In 2015, Nathaniel began 6th grade at B.D. Billinghurst Middle School in Reno, Nevada. This meant he would be subjected once again to a room full of children he had never met before, but this time his parents had a plan.

To ease the transition, the Newman’s came up with a plan to have Nathaniel write a letter to his classmates explaining his condition, but also that he was as normal as any of them. In the letter Nathaniel told his classmates that he had three dogs and liked Pokemon and Star Wars. In the letter they also included a current picture of Nathaniel in the hope of avoiding any first day shock, but they also included a copy of the book “Wonder”. “Wonder” by RJ Palacio, a novel published in 2012 has sold more than 5 million copies and been translated into 45 languages. The book is based around a little girl that Palacio had the chance encounter with, with severe facial deformity. This was when Nathaniel adopted the nick-name “Wonderboy”.
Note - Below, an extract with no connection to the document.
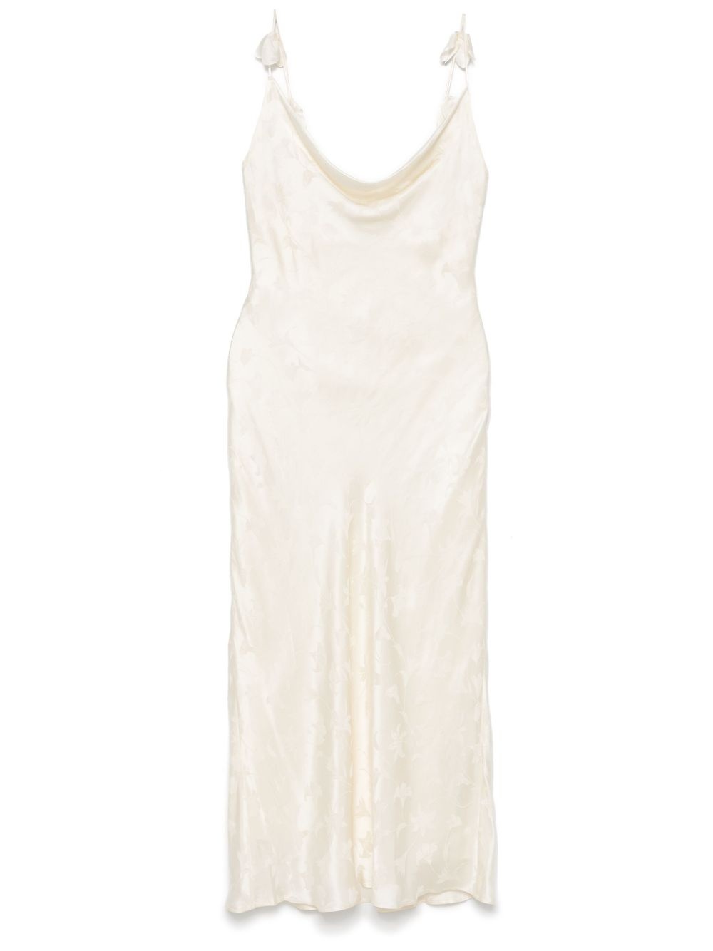 satin midi dress Highlights - Light beige - Concealed side zip fastening - Cowl neck - Floral applique - Sleeveless Imported Composition Lining: Polyamide 95%, Elastane 5% Outer: Silk 100% SIZE & FIT Model measurements Height 5 ft 9 in(1.75 m) Bust/Chest 31.88 in(81 cm) Hips 34.64 in(88 cm) Waist 24.01 in(61 cm) FittingInformation Designed for a slim fit that sits just away from the body offering a close yet comfortable fit Made from a midweight fabric Washing instructions Hand Wash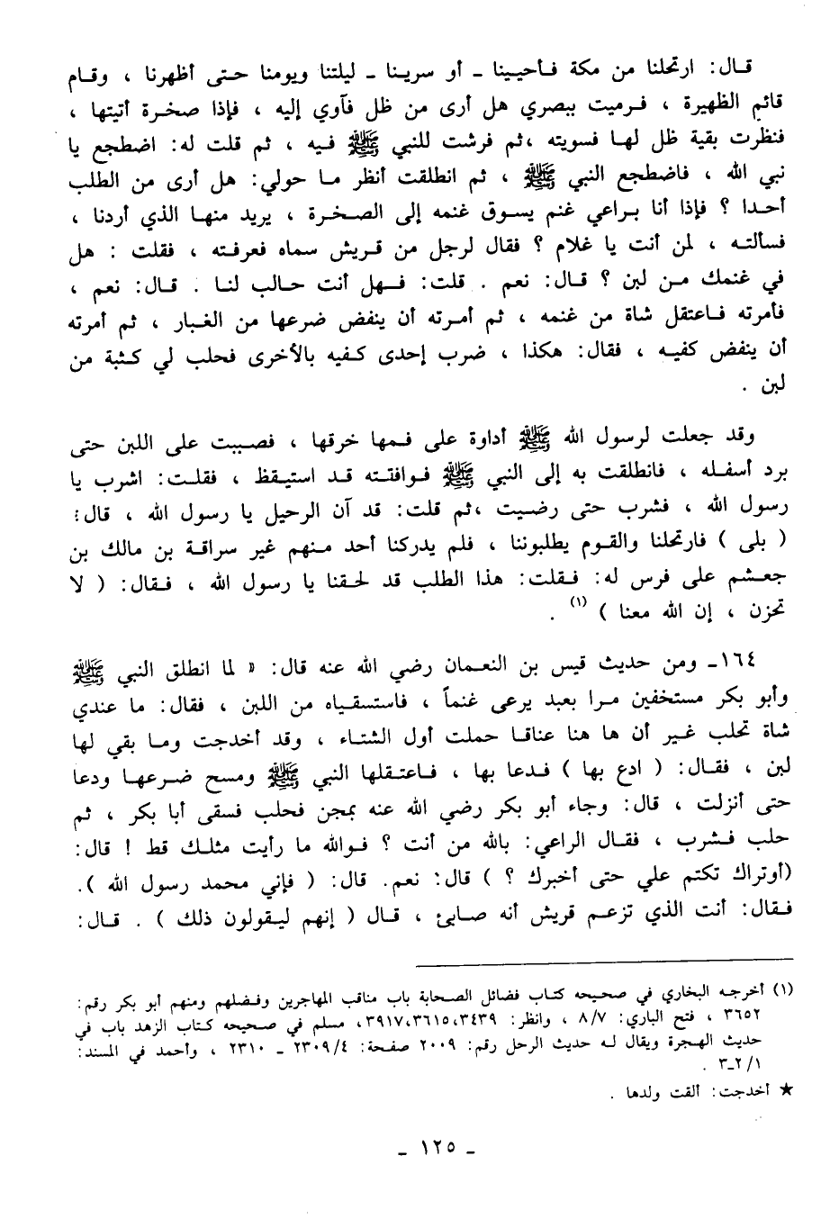164 - ومن حديث قيس بن النعمان رضي الله عنه قال: "لما انطلق النبي - صلى الله عليه وسلم - وأبو بكر مستخفين مرا بعبد يرعى غنمًا، فاستسقياه من اللبن، فقال: ما عندي شاة تحلب غير أن ها هنا عناقا حملت أول الشتاء، وقد أخدجت وما بقي لها لبن، فقال: (ادع بها) فدعا بها، فاعتقلها النبي - صلى الله عليه وسلم - ومسح ضرعها ودعا حتى أنزلت، قال: وجاء أبو بكر رضي الله عنه بمجن فحلب فسقى أبا بكر، ثم حلب فشرب، فقال الراعي: بالله من أنت؟ فوالله ما رأيت مثلك قط! قال: (أوتراك تكتم علي حتى أخبرك؟) قال: نعم. قال: (فإني محمَّد رسول الله). فقال: أنت الذي تزعم قريش أنه صابئ، قال (إنهم ليقولون ذلك). قال:

After nearly 60 surgeries, Nathaniel’s parents make the agonising decision to meet with surgeons at Seattle Children’s Hospital to perform radical surgery to open up Nathaniel’s airway enough to finally remove his trach. This meant, that Dr Richard Hopper, the Chief surgeon at the hospitals Craniofacial centre, would have to rearrange the bones in Nathaniel’s face. Children with a tracheostomy live in constant fear of this small plastic tube becoming dislodged or blocked with mucous, which can be life threatening. It is a very stressful existence for a patient and their family, especially in very young children. Having a tracheotomy also makes important life experiences such as swimming, playing contact sports, or even sometimes speaking or swallowing more challenging and occasionally impossible.”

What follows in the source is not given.